*** SOURCE MATERIAL Section Begins ***
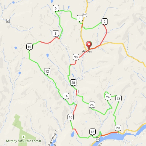 I was up in the Catskills for Memorial Day weekend, mostly to do yard work (yes, John F, home ownership is a ton of work!). Many of our mature garden plantings had gotten decimated over the winter, not directly because of the extreme cold but indirectly: the deer were desperate, and began eating plants they normally don’t prefer. I set aside enough time from my garden work to get one short ride in, one that I had mapped out one cold February day as the snow drifts imprisoned me in my house. I’ve written about Andes in my Tale of Three Hamlets post, but there is an abundance of dirt roads in the township that I haven’t explored. This short 31 mile route would explore many of them– 23 miles worth (dirt roads are annotated below in green), and add to my growing network of vetted dirt roads of Delaware County, which I track old-skool style with a marker and a big wall map. One day I will transpose it to one large digital map, and make it available to the public.
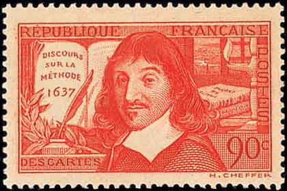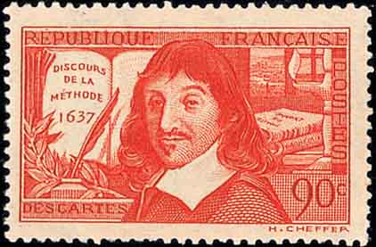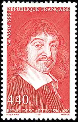 对于笛卡尔(René Descartes, 1596-1650, 图1是法国为纪念笛卡尔诞生400周年发行的邮票)大家对他的认识可能是从笛卡尔坐标系(图2是德国邮票)开始. 实际上他是学法律的, 得到法学博士学位, 主要从事哲学方面的研究, 但也精于研究数学. 1637年他出版了著名的哲学著作《方法论》一书(图3是法国为纪念《方法论》发表300周年的邮票, 发行后发现把书名印错成 Discoure sur la Methode. 遂即重新印发正确书名Discoure de la Methode的邮票, 图4). 该书有三个附录, 其中第三个附录是《几何学》. 在那里他引进变量概念使运算关系符号化, 创建坐标系, 建立解析几何学, 使几何曲线与代数方程得以结合.
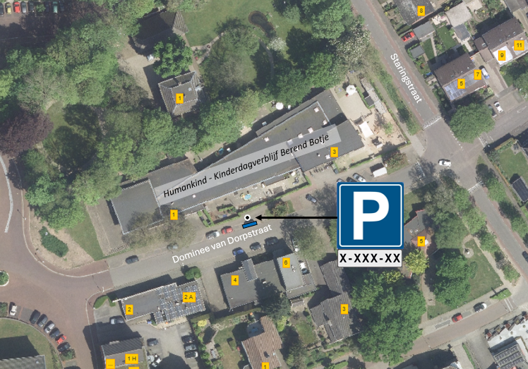 Het toekennen van een doelgroepenparkeerplaats op kenteken voor het busje van de buitenschoolse opvang (BSO). De doelgroepenparkeerplaats wordt gerealiseerd op een bestaand langsparkeervak in de Dominee van Dorpstraat, nabij de locatie van de BSO, op een plek waar veilig in- en uitgestapt kan worden.
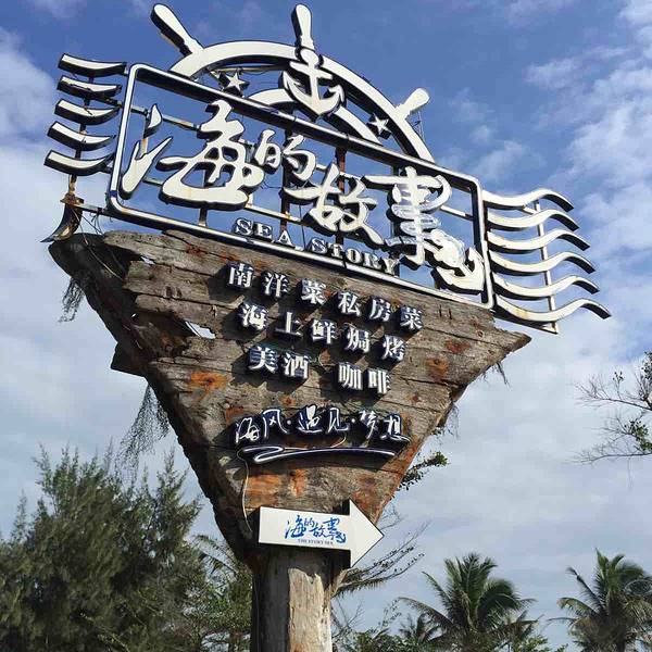 海的故事,是一个主题餐吧,位于博鳌玉带滩附近,面向大海,用旧船凳、码头灯和珊瑚石为装饰主调,打造一个渔民闯荡大海、豪迈甚至放荡不羁的氛围,深受游客喜爱。
*** SOURCE MATERIAL Section Ends ***
- TASK ITEM -
If the material above contains pictures, exclude them from an otherwise exact transcription.

- REPLY TO THE TASK -
 I was up in the Catskills for Memorial Day weekend, mostly to do yard work (yes, John F, home ownership is a ton of work!). Many of our mature garden plantings had gotten decimated over the winter, not directly because of the extreme cold but indirectly: the deer were desperate, and began eating plants they normally don’t prefer. I set aside enough time from my garden work to get one short ride in, one that I had mapped out one cold February day as the snow drifts imprisoned me in my house. I’ve written about Andes in my Tale of Three Hamlets post, but there is an abundance of dirt roads in the township that I haven’t explored. This short 31 mile route would explore many of them– 23 miles worth (dirt roads are annotated below in green), and add to my growing network of vetted dirt roads of Delaware County, which I track old-skool style with a marker and a big wall map. One day I will transpose it to one large digital map, and make it available to the public.
 对于笛卡尔(René Descartes, 1596-1650, 图1是法国为纪念笛卡尔诞生400周年发行的邮票)大家对他的认识可能是从笛卡尔坐标系(图2是德国邮票)开始. 实际上他是学法律的, 得到法学博士学位, 主要从事哲学方面的研究, 但也精于研究数学. 1637年他出版了著名的哲学著作《方法论》一书(图3是法国为纪念《方法论》发表300周年的邮票, 发行后发现把书名印错成 Discoure sur la Methode. 遂即重新印发正确书名Discoure de la Methode的邮票, 图4). 该书有三个附录, 其中第三个附录是《几何学》. 在那里他引进变量概念使运算关系符号化, 创建坐标系, 建立解析几何学, 使几何曲线与代数方程得以结合.
 Het toekennen van een doelgroepenparkeerplaats op kenteken voor het busje van de buitenschoolse opvang (BSO). De doelgroepenparkeerplaats wordt gerealiseerd op een bestaand langsparkeervak in de Dominee van Dorpstraat, nabij de locatie van de BSO, op een plek waar veilig in- en uitgestapt kan worden.
 海的故事,是一个主题餐吧,位于博鳌玉带滩附近,面向大海,用旧船凳、码头灯和珊瑚石为装饰主调,打造一个渔民闯荡大海、豪迈甚至放荡不羁的氛围,深受游客喜爱。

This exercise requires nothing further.